The drive over was one of those scenic trips on back roads that most people never experience in their lifetime.  I did it every couple of weeks.  It’s funny that they never drill gas wells on an interstate.  I wonder why that is.  Oh, well.  The back roads consist of green, green, and more green, plus the odd split rail fence with car hub caps on it for sale.  The hubcap scavenging business in the heart of the nation is going strong.  There are also tractors, deep brown earth and the smell of manure.  Old ladies in long faded dresses.  Men in bib-alls.  Matching kids, little girls in long faded dresses learning how to be good wives, and sons sitting on the fender of the tractor as it pulls the disc harrow, learning from their dad how to make the earth produce so you can live life.

The trailer behind my truck held a full geology lab, along with gas detectors and all a fella needs to tell the driller when to drill and when to stop, and whether the well will produce.  My background in geology was often scoffed at by the tool pusher and his roughnecks, but the company man from the oil company depended on me to keep him rich, and I kept getting the calls to come out and do my magic.

I pulled onto the drill site at 8 pm, with the sun down but not yet full dark.  I got the trailer spotted as close to the rig as I could get, but the site was a swamp from the rain a day or two ago.  Every step threatened to suck a boot off a foot, and it was wearying just to walk up to the doghouse to get my depth gauges hooked up to the derrick.  I did get a cup of pretty good coffee, and the tool pusher told me not to worry, they weren’t going to spud in until midnight.  That way the surface casing could be set tomorrow in the daylight and the Halliburton cement crew would be happy.  Seven hundred fifty feet of drilling in ten hours would be a chore for the roughnecks, but they were used to it and they knew things would slow down once we got into hard bedrock.

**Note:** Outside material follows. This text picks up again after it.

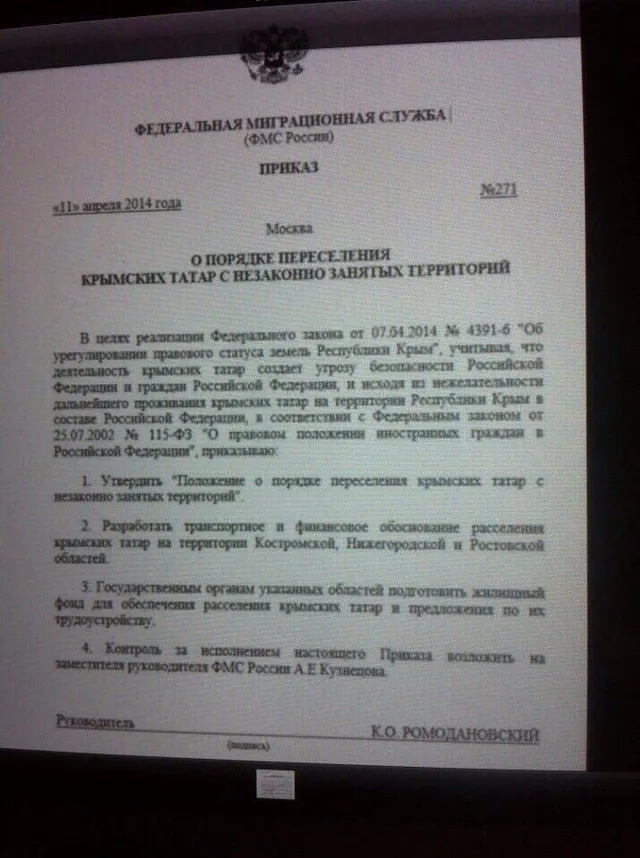На распечатанной бумажки можно разглядеть якобы приказ миграционной службы России, датированный еще 2014 годом, о так называемом "порядке переселения крымских татар с незаконно занятых территорий".

I got back to the trailer and pulled out all of my power cords and hoses and the gas detector head that would be connected to the shaker table where the drill cuttings got sorted out of the drilling mud.  And there was the problem.  The rig and my trailer were separated by the mud pits, two deep, plastic lined holes in the ground, twenty feet across each one, and a hundred feet long, dug out by bulldozer to hold the drilling mud that kept the bit cool and flushed the rock cuttings out of the hole.  I would have to string my lines across that no-man’s-land.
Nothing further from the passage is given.